The trillion-dollar buildout rests on a single unexamined assumption: that larger models, trained on more tokens, running on more chips, converge asymptotically on intelligence. That assumption inverts the order in which cognition actually works. Reason comes first. Language is the wrapping you put on reason so it can travel between people. Large language models do the opposite. They put language first and try to bootstrap reason out of statistical regularities in tokens. This is not a tuning problem to be fixed by the next generation. It is a foundational architectural error, and every additional dollar of capital expenditure compounds it.6
The parameter trap.
Brute-force language processing, simulated by ever-larger stacks of ever-hotter chips, produces an increasingly sophisticated mirror of human linguistic output. It does not produce understanding. Understanding is the capacity to reason in the absence of language, and reason has to exist first for language to be layered on top of it coherently. When the architecture is built the other way around, hallucination is not a bug. Hallucination is the feature doing exactly what it was designed to do, generating plausible next-token sequences at the ragged edges of the training distribution. The system lives permanently in the middle. It is able to mimic reason because the humans who wrote the training corpus were reasoning. It is not itself reasoning.
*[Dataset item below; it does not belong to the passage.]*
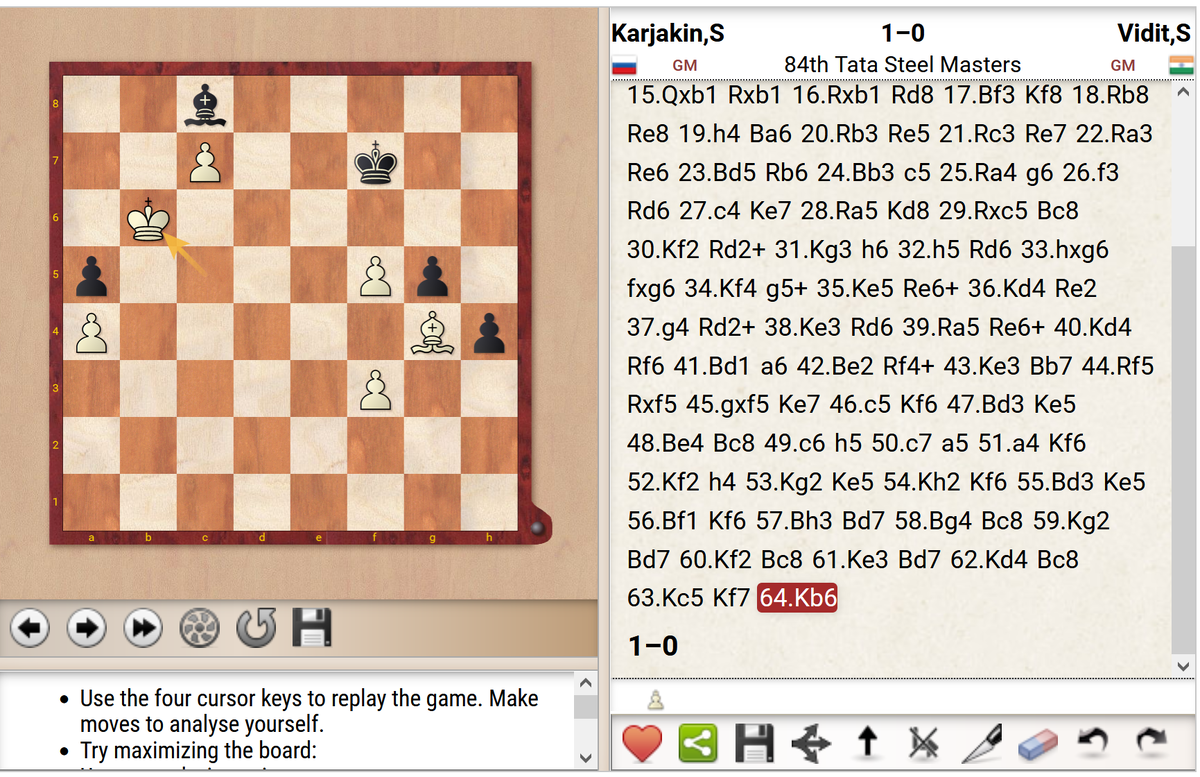 Сергей Карякин закончил турнир в Вейк-ан-Зее победой над Видитом, хотя, как сам признаётся, был готов и к мирному результату. (Здесь и далее в цитатах - перевод с английского Chess-News): "Соперник предложил ничью где-то в районе 10-го хода. Я подумал: "Ну хорошо, сделай точные ходы в варианте - и будет ничья. Но вообще если он словесно предлагает, то это уже говорит о том, что что-то не так". Гроссмейстер в итоге поделил 5-6 места. Таблица По словам Карякина, его итоговый результат "+1" вовсе не трагедия: могло быть и хуже, учитывая вчерашнюю партию, где он в 26 ходов проиграл Сэму Шенкленду. "Это была одна из худших партий в моей жизни. После неё я уже был близок к тому, чтобы вообще завязать с шахматами. Помогло виски с колой. Только это. Иначе бы я умер..." * * * Спасибо за уделённое время. Если вам была интересна публикация, не сочтите за труд поставить лайк и подписаться на наш канал. * * * Мы в соцсетях: ВКонтакте: https://vk.com/chess_news Твиттер: https://twitter.com/C
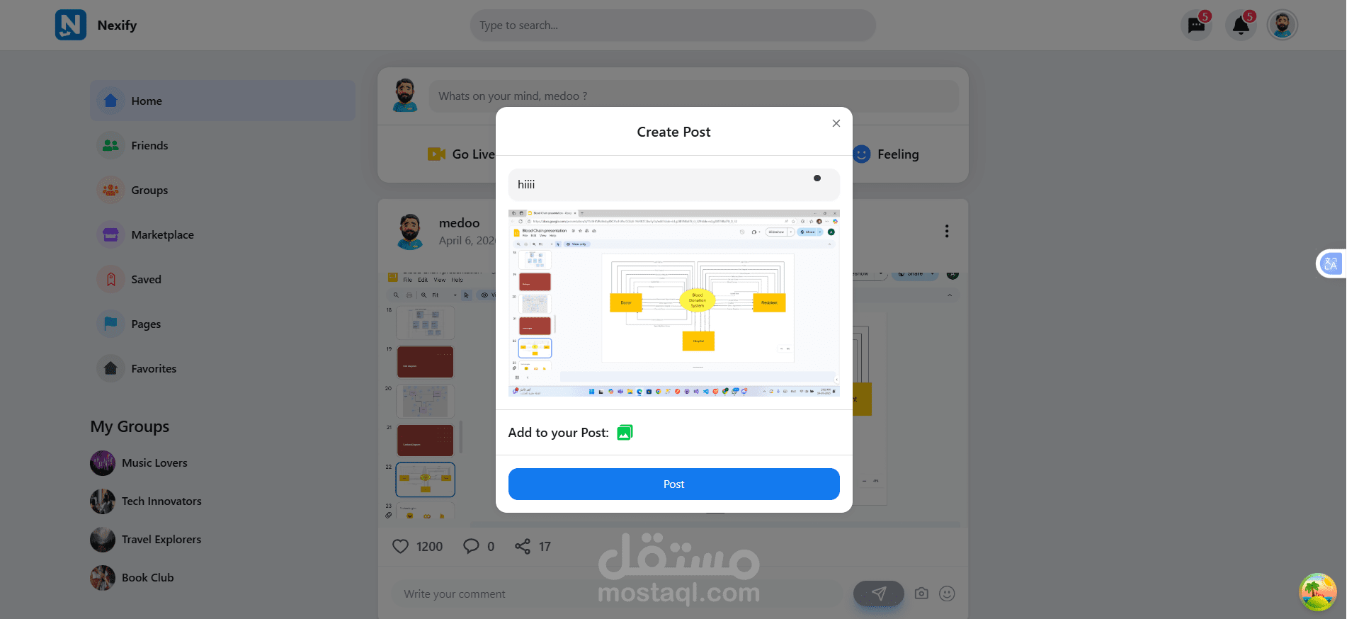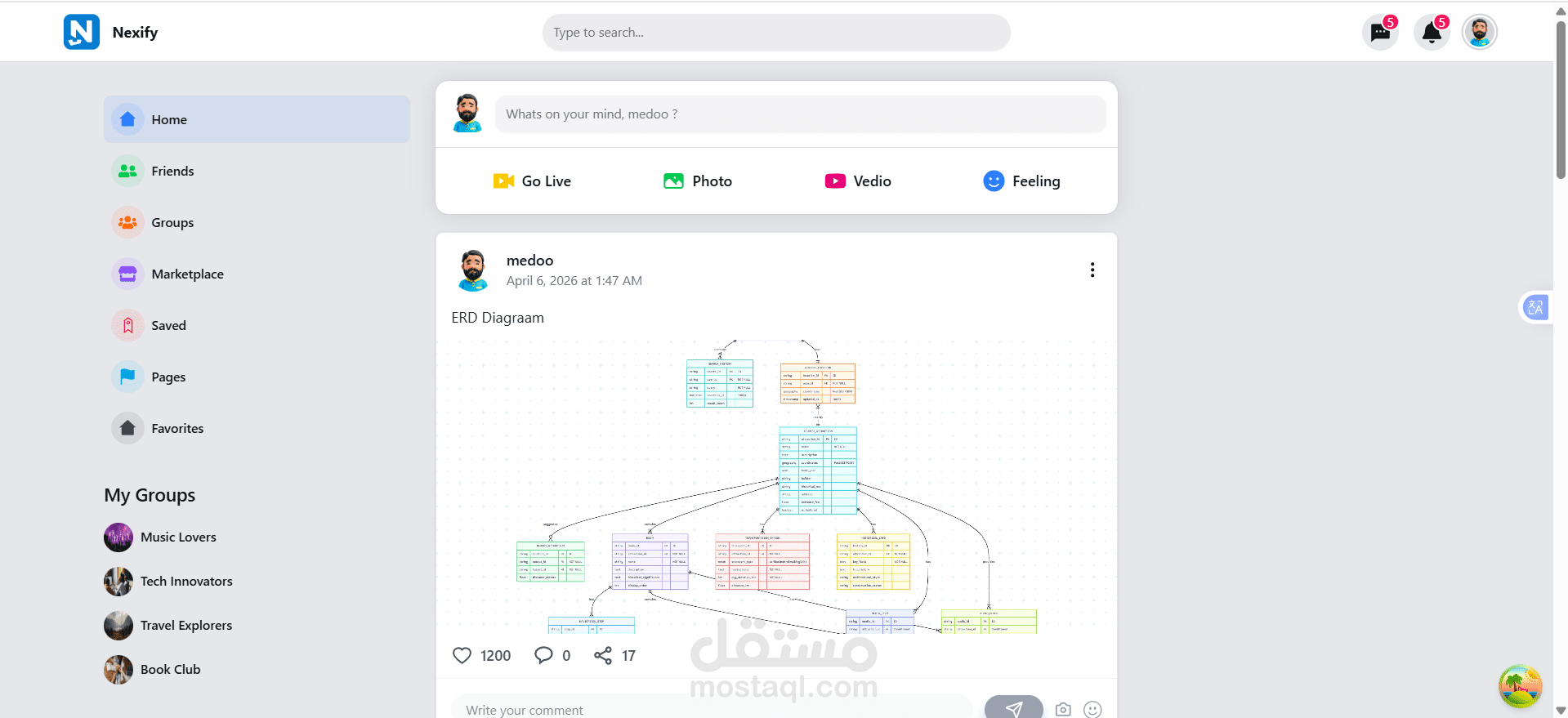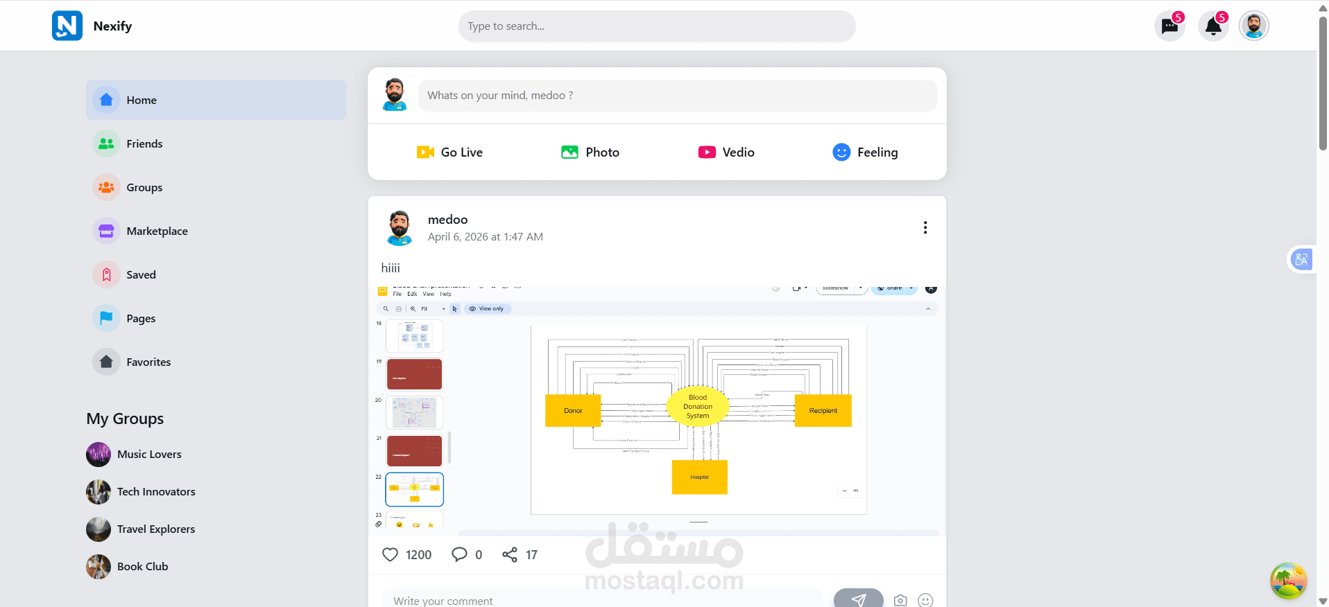 قمت بتطوير منصة تواصل اجتماعي متكاملة باستخدام مكتبة React، مع الاعتماد على تقنيات حديثة لتحسين الأداء وتجربة المستخدم.

The working test case is nearly a century and a half old. In 1880 the Smithsonian documented a pre-linguistic deaf-mute reasoning about mortality, causation and cosmology before acquiring a single word. Reason demonstrated in the absence of language. That capacity is precisely what the current paradigm cannot build and will not buy with three trillion dollars of graphics processors.
An entity does not possess the capacity for understanding until reason is demonstrated in the absence of language.6
What this does to the valuation.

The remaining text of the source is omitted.